A few years earlier, the editor of the Nantucket Standard, Jordan Randolph, had pointed out an error in one of Vivian Howe’s novels. She had referred to a ferry unloading at Steamship Wharf rather than Steamboat Wharf, and he’d verbally flogged her in his weekly editorial, saying that if she couldn’t get the basics of Nantucket correct then she had no place writing about this island. This was met with backlash. The ferries were run by the Steamship Authority so nearly all of us—wash-ashore and native—called it Steamship Wharf. Honor Prentice, who was a fifth-generation Nantucketer, wrote a letter to the editor saying that even he called it Steamship Wharf.

Advantage, Vivi.

Most of the small-business owners in town loved Vivi because her books drove tourism—in particular, they brought in day-trippers with money to spend. When Vivi set a scene in her books at a specific restaurant, people wanted to eat there. When a character bought a dress at a certain boutique, her readers wanted to shop there.

Vivi was also blamed for the downside of tourism. As Lucinda Quinboro sat in a line of cars at the intersection by the high school, she said to her best friend and bridge partner, Penny Rosen, “This is all Vivi’s fault, you know.”

And Penny said, “You’ll blame anything on Vivi.”

It had been a big deal ten years earlier when Vivi and her husband, JP Quinboro, divorced. Some of us knew it was because JP fell for Amy Van Pelt, his young employee at the wineshop (which we never set foot in because the prices were so inflated). JP caused conversations to awkwardly stop wherever he went—the Nickel for sandwiches, Marine Home Center for paint, the Chamber of Commerce for Business After Hours—because no one knew what to say to him except Wake up, man. Vivi moved out, and when her new novel Along the South Shore proved to be a “breakout book,” she went on tour for so long that some of us thought she had left the island for good.

But eventually Vivi returned, and after a while, she seemed to recover. She bought a house on Kingsley that looked great on paper, though once Vivi moved in, leaks sprung and she discovered the fancy wine fridge was on the fritz and there was a pervasive smell of rot at the base of the stairs and she could hear mice (or rats) in the ceiling and she realized she had bought a money pit and decided that would become the official name of the house. She kept the tradespeople among us busy for years—her contractor Marky Mark, her plumber, her cute electrician Surfer Boy, and the person she revered above everyone else: her landscaper, Anastasia.

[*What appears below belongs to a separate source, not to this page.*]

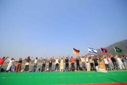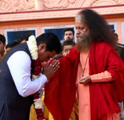 RISHIKESH: Hon’ble union AYUSH Minister Shri Sarbananda Sonowalji, after interacting with all of the participants and presenters of the International Yoga Festival last evening and enjoying his visit and overnight stay at Parmarth Niketan Ashram, departed this morning after performing the purnahuti of the sacred world peace and health Yagya Ceremony with Pujya Swami Chidanand Saraswati, President of Parmarth Niketan Ashram and Pujya Sadhvi Bhagawati Saraswati, Director of international Yoga Festival alongside eminent Yoga Presenters and Teachers.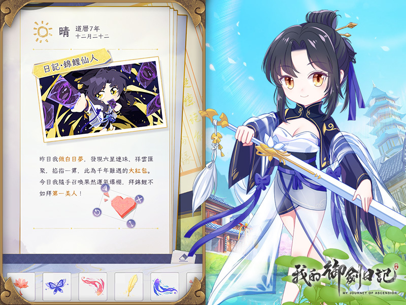 系統、系統是《我的御劍日記》手遊中,讓世界觀更為完整的其中兩個玩法,玩家透過系統可以蒐集各種遊戲內的寶貴資源,而透過系統則是除了展示本身的遊戲內成就之外,還可以進一步獲得獎勵,加快修練的進程。

Vivi seemed to be flourishing and we cheered her on.

The news of her death was a shock.

The Springers had seen Cruz DeSantis kneeling by the body at the scene. They pulled over to ask what happened, but Cruz was too upset to say anything other than that the ambulance was on its way. Had Cruz DeSantis been the one to hit her?

We hoped not.

Cruz DeSantis was a shining star of the just-graduated senior class. He was going to Dartmouth on a full ride, which is a testament to his father, Joe, who owns the Nickel sandwich shop on Oak Street. The Nickel is tiny, but its influence in our community is outsize. Anyone who has ever had Joe’s deviled-egg salad with crispy bacon and lamb’s lettuce on toasted olive sourdough or his grilled salmon with fresh spinach and raspberry-dill aioli on a soft brioche roll will tell you—they may be “just sandwiches,” but there’s a reason why the Nickel is number one on Nantucket’s Tripadvisor in the category “Restaurants, Downtown.”